College will present you with a host of new experiences—including, perhaps, the experience of not having unfettered access to Mom and Dad’s wallet. But learning how to balance your checkbook while also hitting the books doesn’t have to be overwhelming. Here’s a checklist of financial lessons that’ll get you through the first year of college without unnecessary debt.

1. Get to know your financial aid package

Filling out the Free Application for Federal Student Aid, or FAFSA, will help you determine your total out-of-pocket college costs. After receiving your financial aid award letter, you’ll know how much you’ll have to save or borrow to make up the difference on your college expenses.

Aid typically comes in the form of grants and scholarships, which do not need to be repaid, or loans, which do. Before you hurry up and take on a loan, though, know that it will make a major impact on your life after college. 70% of students in the class of 2013 graduated with college-related debt, and the average amount of that debt was $35,200, according to a Fidelity survey.

You may also be eligible to participate in Federal Work-Study, a program that offers students in roughly 3,400 post-secondary institutions the chance to work part-time to finance their college costs.

2. Set up a checking account

If you don’t have a checking account, consider opening one before you head to college. Between buying books, writing checks for tuition and paying bills, you’ll find that you need other forms of payment besides cash. A checking account will also make it faster and easier for you to receive financial aid or scholarships through direct deposit, and allow you to make tuition payments automatically.

3. Build your credit

Using a credit card for college expenses can help you build good credit, but there’s also the risk of damaging your credit if you don’t use your card wisely. In 2013, college students graduated with an average credit card debt of $3,000. To avoid a hefty post-graduate debt, charge only what you can pay when the balance is due, and make it a habit to pay the balance in full.

An easy way build good credit is to automate payments for recurring monthly charges. For example, you could arrange to pay your Internet or cellphone bill with your credit card, and set up bill-pay through your checking account to pay off the card balance each month, so you never miss a payment. 

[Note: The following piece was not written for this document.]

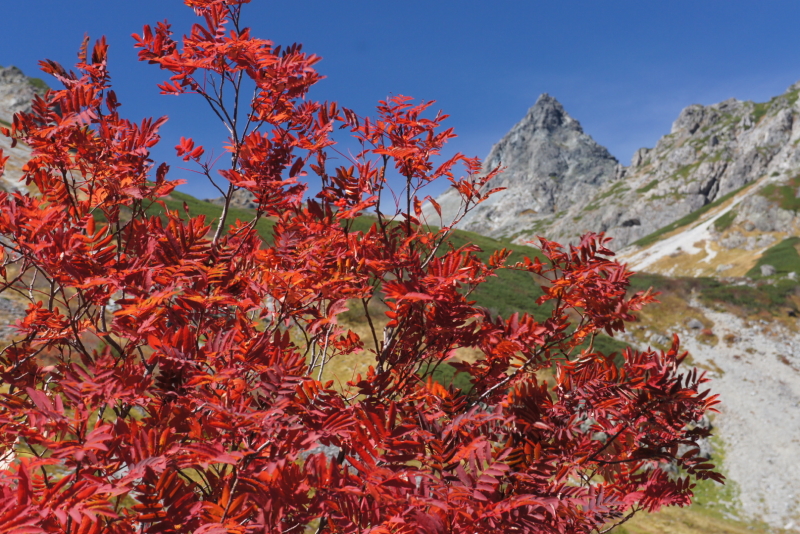 槍沢も槍を遠景にしたナナカマドがとても綺麗で画になります。

4. Create a budget … and stick to it

To establish a budget, add up your income and subtract your expenses. Ideally, you should have some leftover cash that you can set aside for fun stuff, like going out to eat with your new roomies or shopping for university swag. If your budget is tight, look for expenses you may be able to cut. For example, you can use your on-campus meal plan rather than spending money on restaurants, or opt for used books instead of new ones.